TOMPKINS COUNTY, NY—The new Whole Health Department is just one public hearing away from formal establishment, and that public hearing will be scheduled for early November.
Although the merger between the Public Health Department and the County Mental Health Department was approved by the Tompkins County Legislature in 2019, it was sidelined by COVID-19. It got back on track earlier this year and is nearing completion, and the resolution authorizing a public hearing to effect the merger passed unanimously at the Legislative Health Committee meeting. and social services on October 17. (The meeting can be viewed here, and the agenda can be found here.)
“This is the formal process of merging the two departments, and it creates a new department of comprehensive health,” said Director of Public Health Frank Kruppa, adding that the new department “includes many of the same roles. and requirements” that the two departments previously occupied.
When the merger is finalized under the new single department name, Kruppa’s job title will change to “Global Health Commissioner.”
During the county administration update, Administrator Lisa Holmes said the county is working on the first steps of a strategic plan. She also said the Human Services Building was working with a private security company to increase building security. Next month, a $100,000 grant for peer-to-peer veteran services will be on the agenda for acceptance by the county.
Activist Theresa Alt made a public comment in support of the Dryden House project, saying she was surprised to find that local taxes are not helping to fund the project. On the same subject, a resolution was passed unanimously authorizing the County’s contribution of $70,000 to help fund the Dryden House project, in addition to $50,000 from the City of Dryden and $227,000 from private contributions from the project promoter.
Eliot Benman, housing and community development planner, said the project is a “four unit permanent supportive housing project in the village of Dryden for homeless women and children”. The project will consist of new construction on the site of existing structures that had previously burned down.
In a quick update on the recently created Opioid Task Force, lawmaker Dan Klein said the task force has been formally formed and will coordinate its first meeting shortly.
Harmony Ayers-Friedlander spoke of the need to increase the number of early intervention providers, saying the team currently responds to a “wide range of mental health needs, from adjustment issues to serious mental illnesses”, with a team of five psychiatric social workers, a child psychiatrist, nurse practitioner and social work interns.
The program currently works with approximately 300 children, youth and families through its clinic and elementary, middle and high schools across the county.

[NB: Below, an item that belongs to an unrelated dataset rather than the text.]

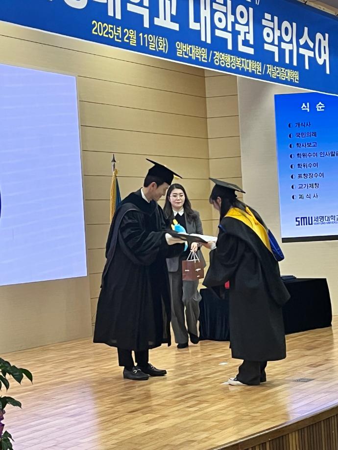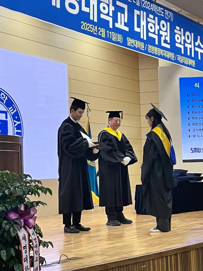 본문 시작 홈으로 커뮤니티 학과소개 학과과정 대학원 커뮤니티 연구동아리 홈페이지가이드 포토갤러리 학과공지 채용정보 학과일정 포토갤러리 유튜브 인스타그램 취업현황 학생회 조직도 졸업생 숏터뷰 포토갤러리 페이스북 트위터 프린트 2024 전기 화장품과학과(대학원) 석사 학위수여식 바이오코스메틱학과 2434 2025-02-17 2024학년도 전기 대학원 학위 수여식이 2025년 2월11일 학술관에서 진행되었습니다. 이번 전기 대학원 학위수여식 화장품과학과 졸업 학생은 대학원 석사 10명입니다. 그 중에 이소미, 한예주 학생이 연구업적 우수 총창님 표창을 수상 받았습니다. 총 대학원 학석사연계과정이 3명, 석사과정이 7명이 석사 학위를 수여받았습니다. 목록 이전2024학년도 전기 학위수여식 다음 2025학년도 꿈설계학기 담당부서 : 바이오코스메틱학과 담당자 : - 연락처 : 043-649-1638 최종수정일 : 2024-10-26 만족도조사 만족도 조사 이 페이지에서 제공하는 정보에 대하여 만족하시나요? 매우만족 만족 보통 불만족 매우불만족

Shifting gears slightly, to discuss the recent spike in COVID cases that caused the county to adjust to a moderate level of community transmission, Legislator Veronica Pillar asked Kruppa what the community’s current guidelines are regarding is about minimizing the spread and maintaining good health.
Kruppa responded by saying the rise in cases was expected and that “COVID is not going away.” He added that it is rather difficult to get an accurate picture of the total number of cases due to the self-tests that occur daily. Additionally, he said the main reason for the increased level of community transmission was due to the higher number of hospitalizations, which have since declined.
The county still recommends indoor masking for those at high risk and the elderly, and once back-to-school vaccines are phased out, the county will likely start offering COVID booster clinics again.
Code Blue also recently came back into effect due to the season, and 134 adults and 33 children are already enrolled in the program, according to Kit Kephart of the Department of Social Services.